TKMIT Institute of Technology

Biomedical Engineering

The Department of Electronics and Biomedical Engineering was started in the year 2007 with an intake of 60 students in UG programme under cochin university of science and technology. In 2015 the college is affiliated with KTU and continued its program as BTech in Biomedical Engineering.  Biomedical Engineering aims to improve human health by applying engineering principles. The emerging field focuses on advances in healthcare field by designing, developing and problem solving techniques in medical equipment. The highly motivated, qualified and experienced faculty and energetic students work together extensively in developing Biomedical Department. The conferences, seminar and workshops conducted by department in enriching students knowledge and ethics of healthcare. The department provide platform for building students practical knowledge through well-equipped laboratories and implant training. The department continues its journey with good academics, student strength and professional excellence.

Vision & Mission


To achieve academic excellence in biomedical engineering by developing engineers with state of the art technological skill and professional ethics, to support health care need of the society.

  • To provide excellent education to students and prepare them as professionals who can cater to the need of medical-engineering field with an aspiration for research and higher studies.
  • To groom the students as employable bio-medical engineers by furnishing a forum for industry-institute interaction that focuses on the need of the hour.
  • To instill the social responsibility and professional ethics among the students.


Biomedical engineers analyze and design solutions to problem in biology and medicine, with the goal of improving the quality and effectiveness of patient care.

Employment of biomedical engineers is projected to grow 27 percent from 2012 to 2022, much faster than the average for all occupations. Demand will be strong because an aging population is likely to need more medical care and because of increased public awareness of biomedical engineering advances and their benefits.

Electing to graduate with a major in biomedical engineering opens the door to an ever-growing amount of job opportunities, fusing the medical and engineering worlds in order to increase the quality of life all over the planet.

Biomedical engineers typically do the following:

  • Design systems and products, such as artificial internal organs, artificial devices that replace body parts, and machines for diagnosing medical problems
  • Install, adjust, maintain, repair, or provide technical support for biomedical equipment
  • Evaluate the safety, efficiency, and effectiveness of biomedical equipment
  • Train clinicians and other personnel on the proper use of equipment
  • Work with life scientists, chemists, and medical scientists to research the engineering aspects of biological systems of humans and animals

Biomedical engineers may design instruments, devices, and software; bring together knowledge from many technical sources to develop new procedures; or conduct research needed to solve clinical problems.

They often serve a coordinating function, using their background in both engineering and medicine. For example, in industry, they may create products for which an in-depth understanding of living systems and technology is essential. Also, they frequently work in research and development or in quality assurance.
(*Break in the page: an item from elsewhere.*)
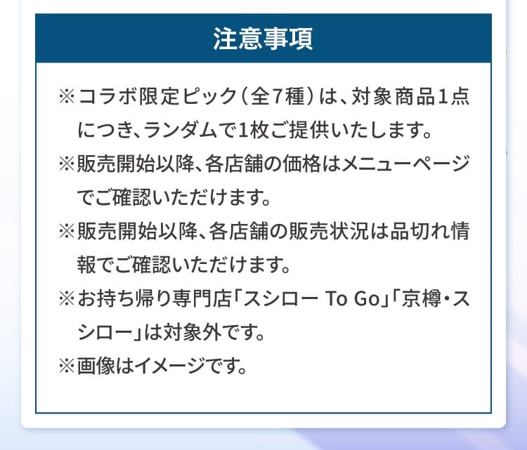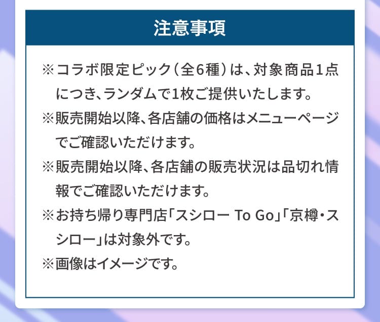 「プロジェクトセカイ × スシロー」コラボでは、ピック・ステッカー付きのコラボメニューや、対象商品を注文すると貰える限定カードが登場。

Biomedical engineers design electronic circuits, software to run medical equipment, or computer simulations to test new drug therapies. They also design and build artificial body parts such as hip and knee joints. In some cases, they develop the materials needed to make the replacement body parts. They also design rehabilitative exercise equipment.

The work of these engineers spans many professional fields. For example, although their expertise is based in engineering and biology, they often design computer software to run complicated instruments, such as three-dimensional x-ray machines.